• [What the exercise asks] Begin your copy at the line holding "Dieses Backblech aus" and end it at the last line of the listing. Keep every line exact and leave out the pictures.

• [Dataset excerpt]
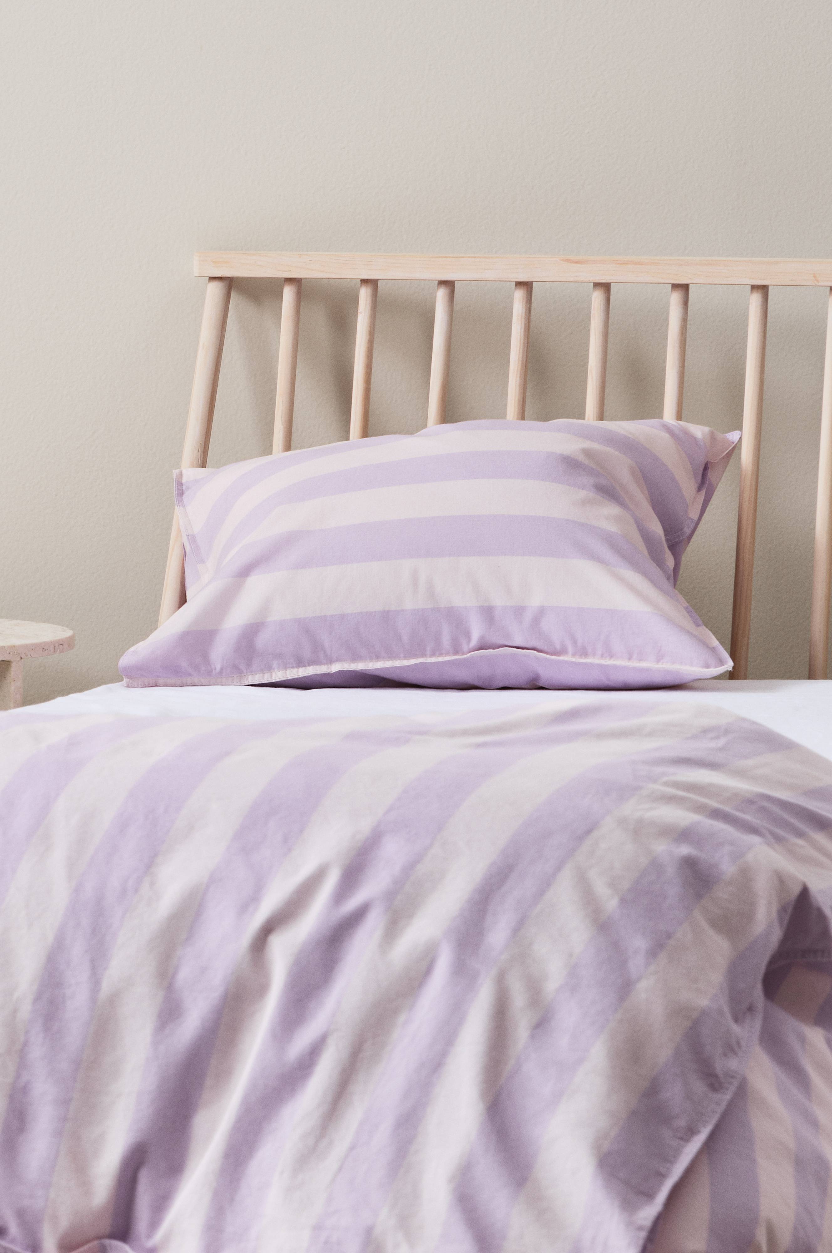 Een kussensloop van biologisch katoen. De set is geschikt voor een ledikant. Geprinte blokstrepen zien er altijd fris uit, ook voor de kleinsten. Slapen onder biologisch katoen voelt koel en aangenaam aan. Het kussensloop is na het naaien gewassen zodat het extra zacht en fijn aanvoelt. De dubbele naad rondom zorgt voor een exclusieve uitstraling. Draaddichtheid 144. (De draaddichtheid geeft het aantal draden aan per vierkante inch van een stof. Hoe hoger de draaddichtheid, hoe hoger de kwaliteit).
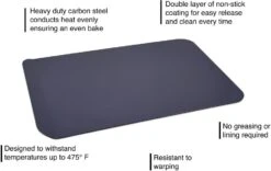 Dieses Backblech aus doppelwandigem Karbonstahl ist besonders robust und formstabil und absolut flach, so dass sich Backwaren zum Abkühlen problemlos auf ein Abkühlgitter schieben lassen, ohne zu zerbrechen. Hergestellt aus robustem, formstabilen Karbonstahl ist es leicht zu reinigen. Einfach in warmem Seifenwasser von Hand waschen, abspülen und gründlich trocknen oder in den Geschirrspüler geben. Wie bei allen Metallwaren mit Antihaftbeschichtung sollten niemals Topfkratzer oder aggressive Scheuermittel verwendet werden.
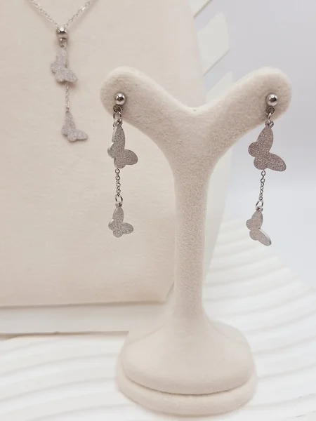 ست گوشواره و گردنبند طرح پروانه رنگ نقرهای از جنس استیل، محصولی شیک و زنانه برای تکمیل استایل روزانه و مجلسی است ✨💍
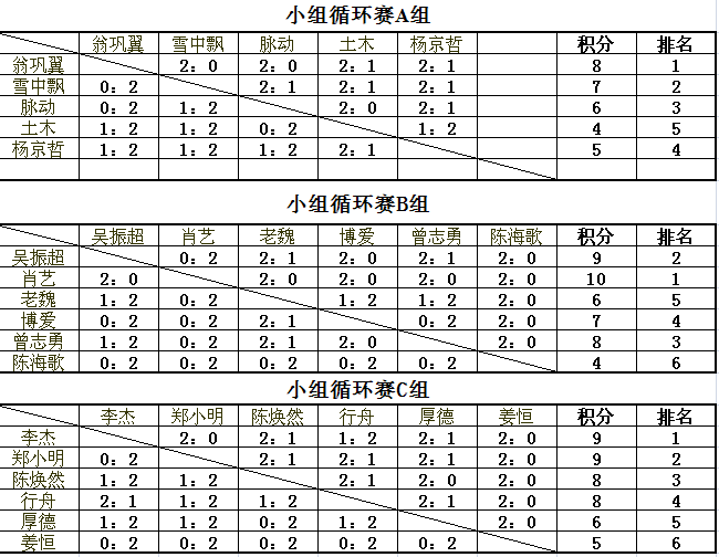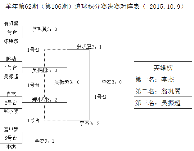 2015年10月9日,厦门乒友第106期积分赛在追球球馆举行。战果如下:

• [Solved exercise]
 Dieses Backblech aus doppelwandigem Karbonstahl ist besonders robust und formstabil und absolut flach, so dass sich Backwaren zum Abkühlen problemlos auf ein Abkühlgitter schieben lassen, ohne zu zerbrechen. Hergestellt aus robustem, formstabilen Karbonstahl ist es leicht zu reinigen. Einfach in warmem Seifenwasser von Hand waschen, abspülen und gründlich trocknen oder in den Geschirrspüler geben. Wie bei allen Metallwaren mit Antihaftbeschichtung sollten niemals Topfkratzer oder aggressive Scheuermittel verwendet werden.
 ست گوشواره و گردنبند طرح پروانه رنگ نقرهای از جنس استیل، محصولی شیک و زنانه برای تکمیل استایل روزانه و مجلسی است ✨💍
 2015年10月9日,厦门乒友第106期积分赛在追球球馆举行。战果如下:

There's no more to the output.